Searching the net, I identified that a robust distributed storage system that is scalable and highly available, along with support for integrating with K8S-based applications easily, will abstract out the storage-related challenges we had encountered. A further limited search on the net identified Ceph Storage as a prime candidate. Deployed on decent hardware, it would provide a production-grade platform for on-premise deployments of SMEs.
Key objectives:
- The storage cluster should satisfy the applications’ IOPS requirements.
- Time-tested CSI driver support for the storage is a must.
- The CSI driver’s over-the-wire encryption support will be an added advantage.
- The hardware requirements should not be high or prohibitive for SMEs planning to opt for on-premise deployments.
- It should be open-source with a decent number of production deployments.
- Active community support and decent documentation are required.
- Initial deployment complexities are not an issue as they would be one-time and can be documented.
- Version upgrades and security patch applications should be possible.
- It would be an added advantage if they were simple and time-tested.
- Should support dynamic volume expansion
- Though a K8S feature, migrating pods/stateful sets should be automatic and consistent in case of server or worker node failures.
The decision is to use Ceph RBD and not Ceph FS. I am new to using Ceph and am starting with this decision.

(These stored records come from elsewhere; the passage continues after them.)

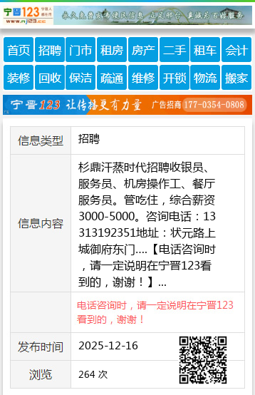 杉鼎汗蒸时代招聘收银员、服务员、机房操作工、餐厅服务员。管吃住,综合薪资3000-5000。咨询电话:13313192351地址:状元路上城御府东门…. 【电话咨询时,请一定说明在宁晋123看到的,谢谢!】 |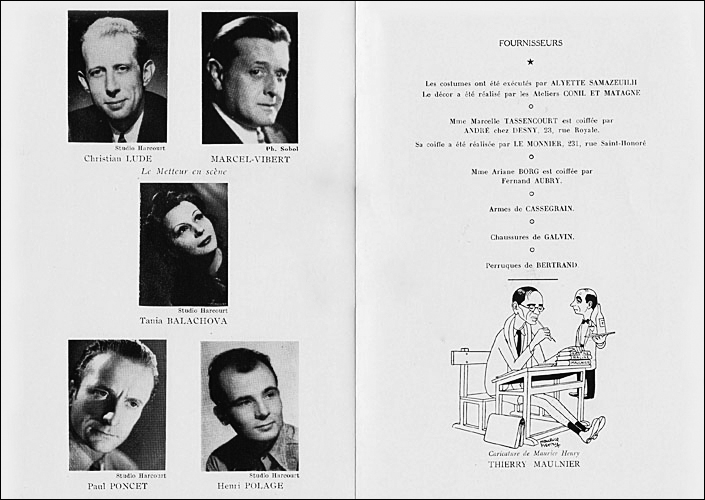int. : Daniel Ceccaldi, François Chaumette, Wiliam Sabatier, Georges Arluc, Robert Frantz, Roger Pigault, mise en scène : Albert Medina, musique : Louis Bessieres, masques : Paul Grimault, Félix Labisse, Maurice Henry, Brassaï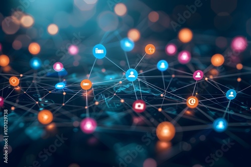 Digital Network Connections with Colorful Icons Representing Social Media and Communication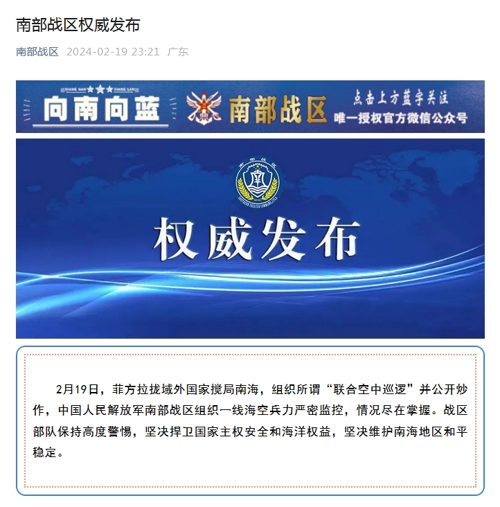 中新網(wǎng)2月19日電 據(jù)南部戰(zhàn)區(qū)微信公眾號消息,2月19日,菲方拉攏域外國家攪局南海,組織所謂“聯(lián)合空中巡邏”并公開炒作,中國人民解放軍南部戰(zhàn)區(qū)組織一線??毡烂鼙O(jiān)控,情況盡在掌握。戰(zhàn)區(qū)部隊保持高度警惕,堅決捍衛(wèi)國家主權(quán)安全和海洋權(quán)益,堅決維護南海地區(qū)和平穩(wěn)定。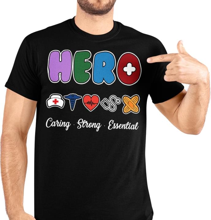 Hero Caring Strong Essential Nurse Emt Heart Bandage Logo Shirt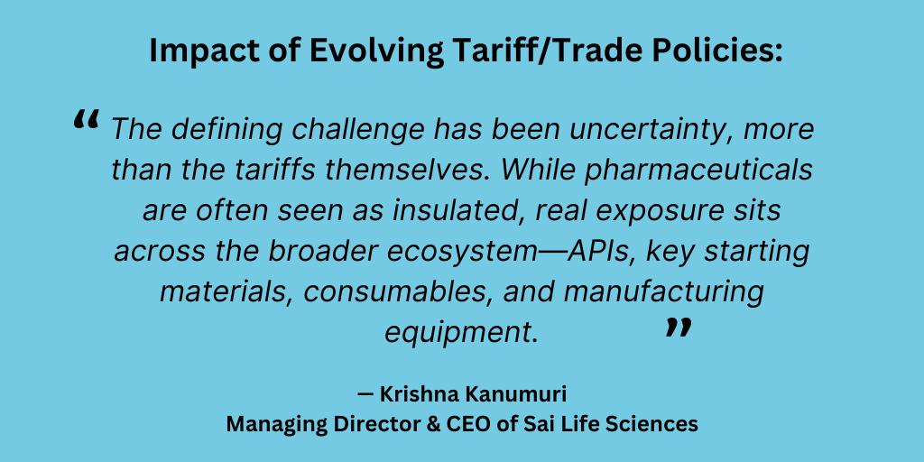 Kanumuri (Sai Life Sciences): The defining challenge has been uncertainty, more than the tariffs themselves. While pharmaceuticals are often seen as insulated, real exposure sits across the broader ecosystem—APIs, key starting materials, consumables, and manufacturing equipment. What the industry needs is clarity: what is in scope, how country of origin will be determined across multi-country supply chains, whether different tariff regimes can stack, how durable exclusions will be, and how US manufacturing is defined when production is carried out through CDMOs. These points materially influence long-term supply-chain design and investment decisions.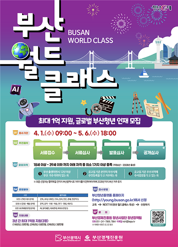 [아이뉴스24 정예진 기자] 부산광역시와 부산경제진흥원이 내달 1일부터 오는 5월 6일까지 성장 잠재력과 역량을 갖춘 지역 청년 인재를 발굴해 세계적인 인재로 육성하기 위한 ‘2026년 청년 월드클래스 육성 사업’의 참여자를 모집한다.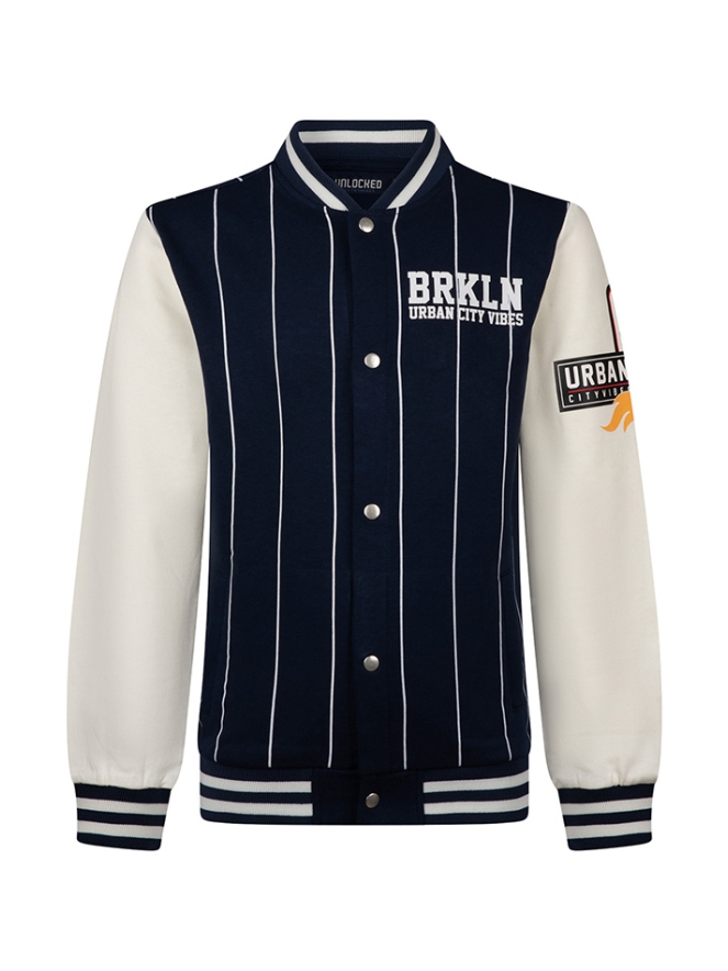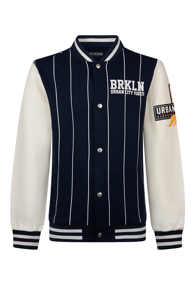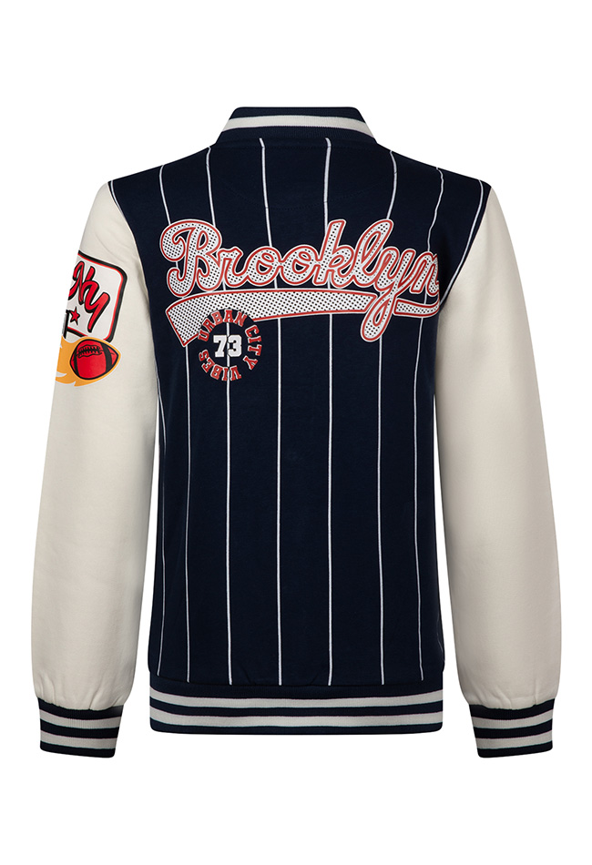 Brooklyn urban city vibes! Dit sportieve baseball vestje met verticale strepen heeft meerdere prints verdeeld over de borst, rug en mouw! Ook leuk om los te dragen!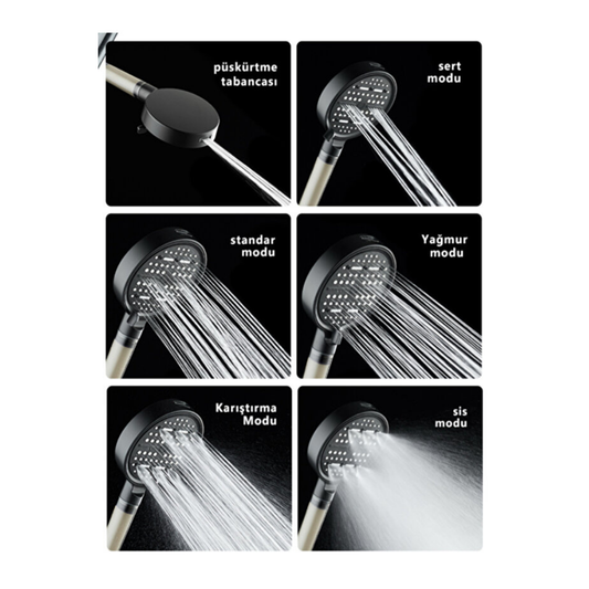Filtreli Duş Başlığı 6 Fonksiyonlu – Kireç Önleyici Basınç Artırıcı Duş Başlığı (3 Filtre Hediyeli)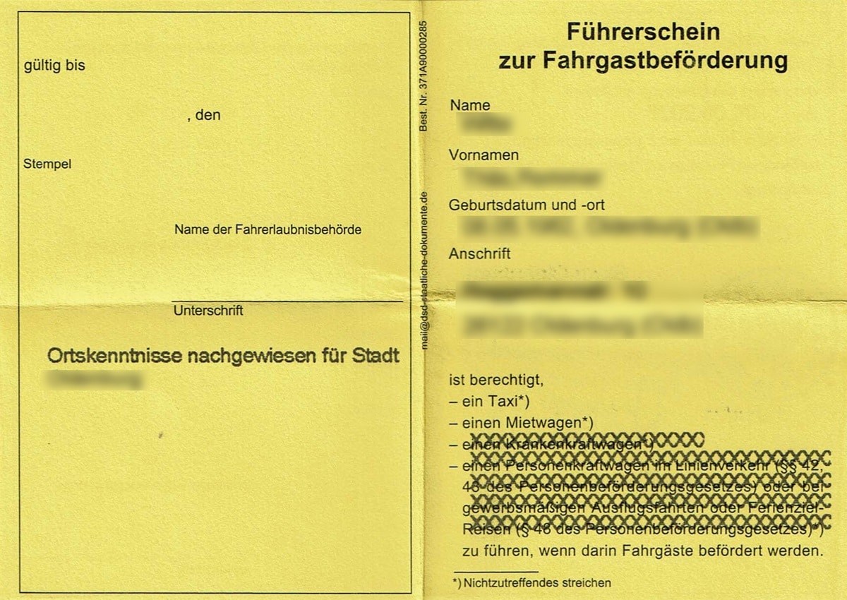Zunächst nicht zu beantworten war die spannende Frage, ob denn zukünftig ein Berliner Taxler zum Oktoberfest auch in München taxifahren dürfe. Im Rahmen der PBefG-Novelle ist ja die Ortskenntnisprüfung nunmehr als regionale Anforderung obsolet und insofern seien neue Fahrgastbeförderungsscheine ab August dann möglicherweise bundesweit mehr oder weniger uneingeschränkt gültig. Das aktuell genutzte Musterformular sieht hier keinerlei regionale Beschränkung vor, denn hier heißt es lediglich „… ist berechtigt ein Taxi zu führen“.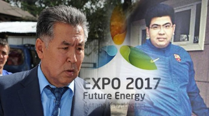 Первый скандал, затронувший интересы выставки, разгорелся в конце 2013 года, когда в Алматы произошло ДТП с участием сына руководителя департамента строительства АО "НК "Астана ЭКСПО-2017" Кажимурата Усенова. Максат Усенов на автомобиле BMW X6 на высокой скорости сбил шесть человек, стоявших на тротуаре. Один из пострадавших погиб. Виновник аварии примирился с семьей погибшего и не понес за это наказания. При этом его наказали арестом на 45 суток за нанесение среднего вреда здоровью других потерпевших.

All worker node VMs will be backed by block storage in Ceph RBD. The Ceph CSI Driver (RBD) will enable block objects for PV requirements.

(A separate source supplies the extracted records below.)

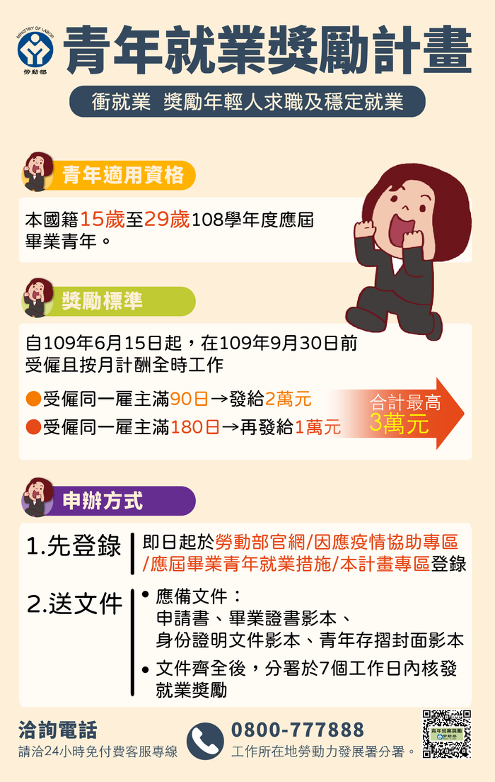 適逢畢業季節來臨及國內嚴重特殊傳染性肺炎(COVID-19)疫情已漸趨和緩,就業市場逐步復甦之際,勞動部即日起開辦「青年就業獎勵計畫」,針對108學年度應屆畢業的15-29歲青年提供最高3萬元就業獎勵,鼓勵社會新鮮人積極尋職並穩定就業。歡迎應屆畢業青年自109年6月15日起,儘速到「台灣就業通網站」的計畫專區,查詢相關資訊及線上登錄參加。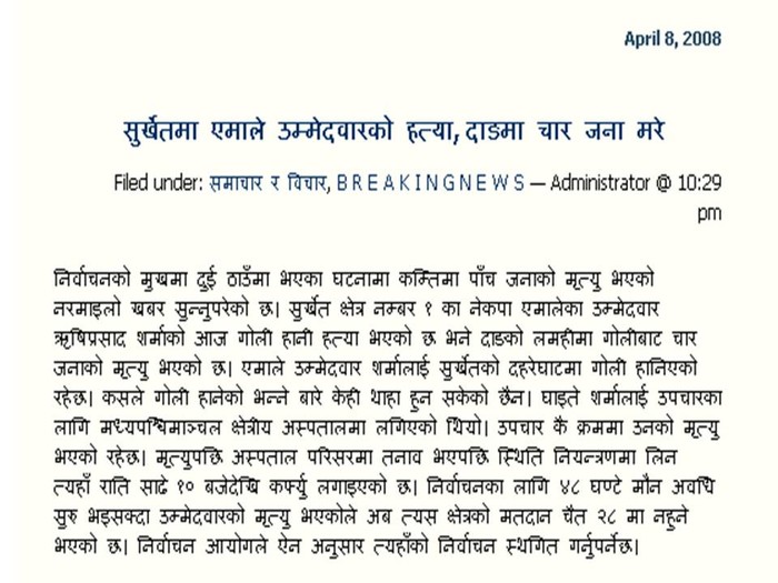 Mine is Jhapa District. Constituency No. 5, 6, 7 will be of CPN UML. There are Tara Soymyanga, K.P Oli, and Deepak Karki. These are such constituency where even dogs and goats will win if they are contesting from CPN UML. People just see SUN as it is stronghold of UML. Now, No. 4, NC has slight lead over UML as NC candidate is a strong heavyweight politician-Chakra Prasad Bastola as compared to UML's Debendra Dahal. No. 3 will have the fierce competition between present Home Minister Krishna Sitaula and UML's Puspa Pokhrel. But, UML is slightly strong here. Jhapa No. 2 has not much heard candidates from both parties-NC and UML. But, NC's candidate is slightly popular. so, NC has lead here. No. 1 also as of now, not much decided. but seems that NC has slightly bigger lead than UML. So, in Jhapa, it may be something like UML-4 and NC-3 in final result. Rest of the parties and candidates get few thousand votes.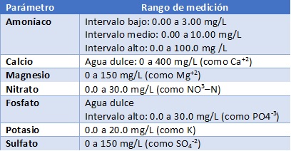 El HI83325 se suministra con celdas y tapas (4 unidades), paño para limpiar las celdas, cable USB a micro USB, adaptador de corriente y manual de instrucciones.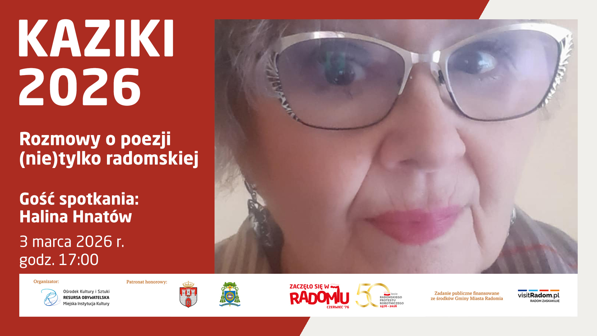 Gościem marcowego spotkania będzie Halina Hnatów, członkini Grupy Literackiej Tygiel oraz aktorka Teatru Resursa. Prowadzenie: dr Adrian Szary. Słodki poczęstunek zapewnia piekarnia Fogiel&Fogiel. Wstęp wolny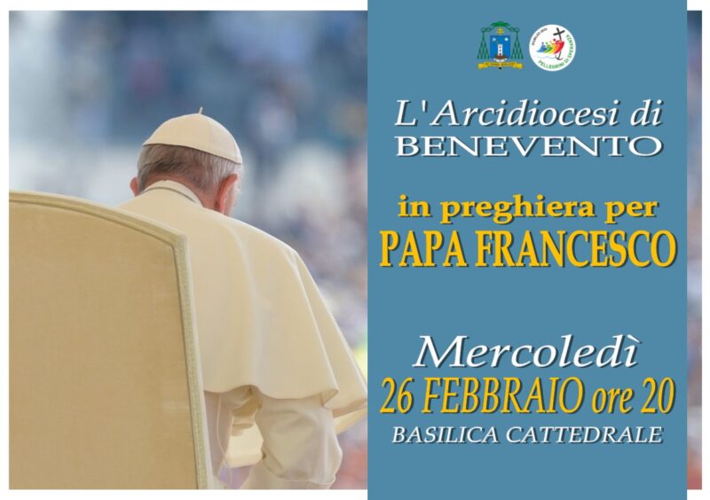 La perdurante situazione di complessità di salute di Papa Francesco, dagli esiti ancora incerti, chiama tutti a un’intensa preghiera: invito, perciò, la comunità diocesana a unirsi al coro che sale da tutta la Chiesa, mercoledì 26 febbraio, nell’ora che le singole comunità ritengono per esse più idonea. I parroci e i fedeli della città di Benevento si ritroveranno con me nella Basilica Cattedrale alle ore 20.

Available hardware: 4 x Dell R630 with the following configuration
- Intel X710 daughter board – 4 x 10G SFP+
- Intel X520 – DA2 – Adapter – 2 x 10G SFP+ (Slot 2)
- Dual M.2 NVME PCIe 3 Adapter (x4 Bifurcation) – Slots 1 & 3
- Samsung 970 EVO Plus NVMe – 4 numbers
- 4 x 10K RPM 1.2 TB SAS Drive in RAID 10 (PERC Mini 730p) for Boot / OS
MicroTik CRS-326-24S+2Q+RM
- Bridge Mode
- 9000 MTU
- Ensures Maximum utilisation of available network throughput
- Consistent 9.86 Gbps in iperf3 test results
- 20 SFP+ ports connected to servers (5 ports each)
- Direct Attach Cable
- 1 SFP+ port connected to TP-Link Router (uplink)
- Direct Attach Cable
TP-Link ER8411
- 10G SFP+ LAN Port connected to Cloud Router Switch
- 10G SFP+ WAN Port connected to Gateway UTM device
- UTM device gateway is 1G RJ45, used Microtik S+RJ10 Copper Module
Deployment
2 x 10 G NICs dedicated to Ceph Storage, one for public network and one for cluster network
- 10.0.4.0 /24 – public network
- 10.0.5.0/24 – cluster network
2 x 10 G NICs dedicated to Percona XDB cluster, one for application access and one for cluster synch
- 10.0.2.0/24 – Service, application access
- 10.0.3.0/24 – Cluster sync
1 x 10G NIC for server management and accessing VMs
- 10.0.1.0/24 – Servers and VM Management / Access
Note: I initially attempted to use Ubuntu 24.04, as the default repositories included Ceph-Squid release packages, however after understanding that Ceph-Reef was the official stable release and my affinity towards Debian, I decided to go with Debian 12 and Ceph-Reef
Install Debian 12.7 on the server(s)
Login/ssh into the server with the user account configured during installation
Switch to the root user account
su -
Enable remote login for root user account
sed -i "s/#PermitRootLogin prohibit-password/PermitRootLogin yes/g" /etc/ssh/sshd_config
sed -i "s/#PubkeyAuthentication/PubkeyAuthentication/g" /etc/ssh/sshd_config
sed -i "s/#AuthorizedKeysFile/AuthorizedKeysFile/g" /etc/ssh/sshd_config
sed -i "s/# StrictHostKeyChecking ask/ StrictHostKeyChecking no/g" /etc/ssh/ssh_config
sed -i "s/session optional pam_motd.so/#session optional pam_motd.so/g" /etc/pam.d/sshd
sed -i "s/session optional pam_motd.so/#session optional pam_motd.so/g" /etc/pam.d/sshd
service ssh restart
Remove CDROM from the apt sources list.
sed -i '/deb cdrom/d' /etc/apt/sources.list
Logout and log in as root user
Install required packages
apt -y install net-tools systemd-resolved fio iperf3 gnupg2 software-properties-common lvm2 nfs-common
Configure DNS server IP – Let the system resolve and manage DNS server configuration.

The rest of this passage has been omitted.